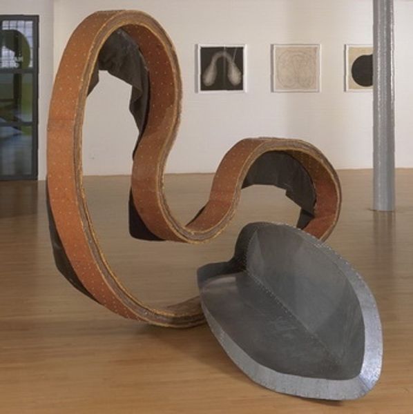 Deacon was one of the leading British sculptors to emerge in the 1980s. The sweeping curves of his large-scale works often suggest organic forms. At the same time, many of Deacon's sculptures draw attention to their process of manufacture and use of urban and industrial materials. In this work, the laminated hardboard edges and carefully riveted surfaces contrast with the fringe-like shapelessness of the canvas. Gallery label, August 2004
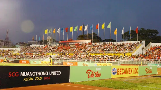 Sân Thống Nhất đêm qua được biến thành lễ hội, với gần 2 vạn khán giả hò reo suốt trận. Trận cầu nằm trong Tour du đấu vòng quanh ASEAN của SCG Muangthong United mang thông điệp bóng đá tấn công đã đến với người hâm mộ.
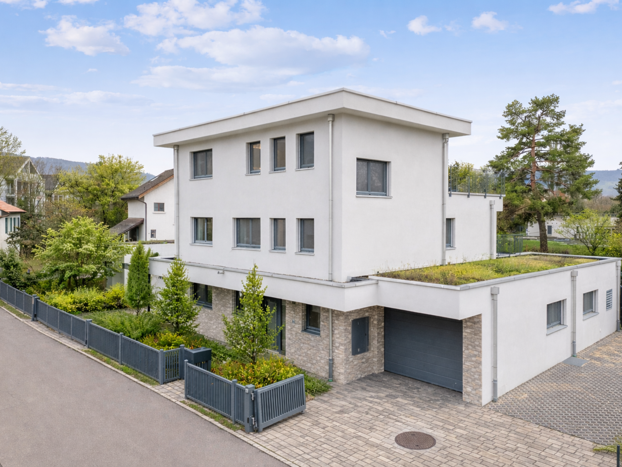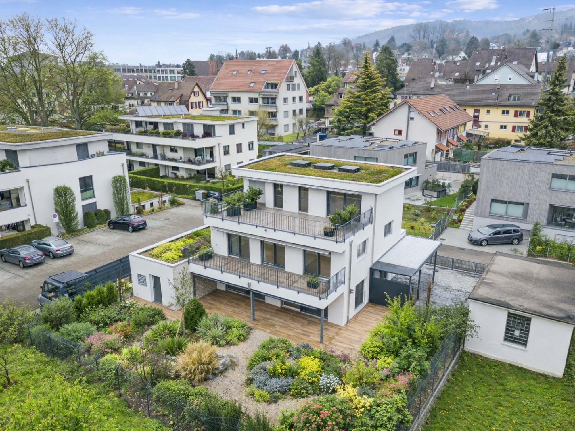 Zur Immobilie gehören eine Garage mit direktem Zugang ins Haus, ein Carport mit Ladestation für Elektroautos sowie 4 bis 5 Aussenparkplätze, auch für Wohnmobile geeignet, und elektrisch bedienbare Tore. Die Dachterrasse und Gartenanlage sind vollständig Smarthome-gesteuert und alle Fenster sind mit Fliegenschutzgittern ausgestattet.
==================================================
__PROBLEM DESCRIPTION__
Write the full listing out again with every line unchanged, but include no pictures.

__ANSWER SECTION__
 Deacon was one of the leading British sculptors to emerge in the 1980s. The sweeping curves of his large-scale works often suggest organic forms. At the same time, many of Deacon's sculptures draw attention to their process of manufacture and use of urban and industrial materials. In this work, the laminated hardboard edges and carefully riveted surfaces contrast with the fringe-like shapelessness of the canvas. Gallery label, August 2004
 Sân Thống Nhất đêm qua được biến thành lễ hội, với gần 2 vạn khán giả hò reo suốt trận. Trận cầu nằm trong Tour du đấu vòng quanh ASEAN của SCG Muangthong United mang thông điệp bóng đá tấn công đã đến với người hâm mộ.
 Zur Immobilie gehören eine Garage mit direktem Zugang ins Haus, ein Carport mit Ladestation für Elektroautos sowie 4 bis 5 Aussenparkplätze, auch für Wohnmobile geeignet, und elektrisch bedienbare Tore. Die Dachterrasse und Gartenanlage sind vollständig Smarthome-gesteuert und alle Fenster sind mit Fliegenschutzgittern ausgestattet.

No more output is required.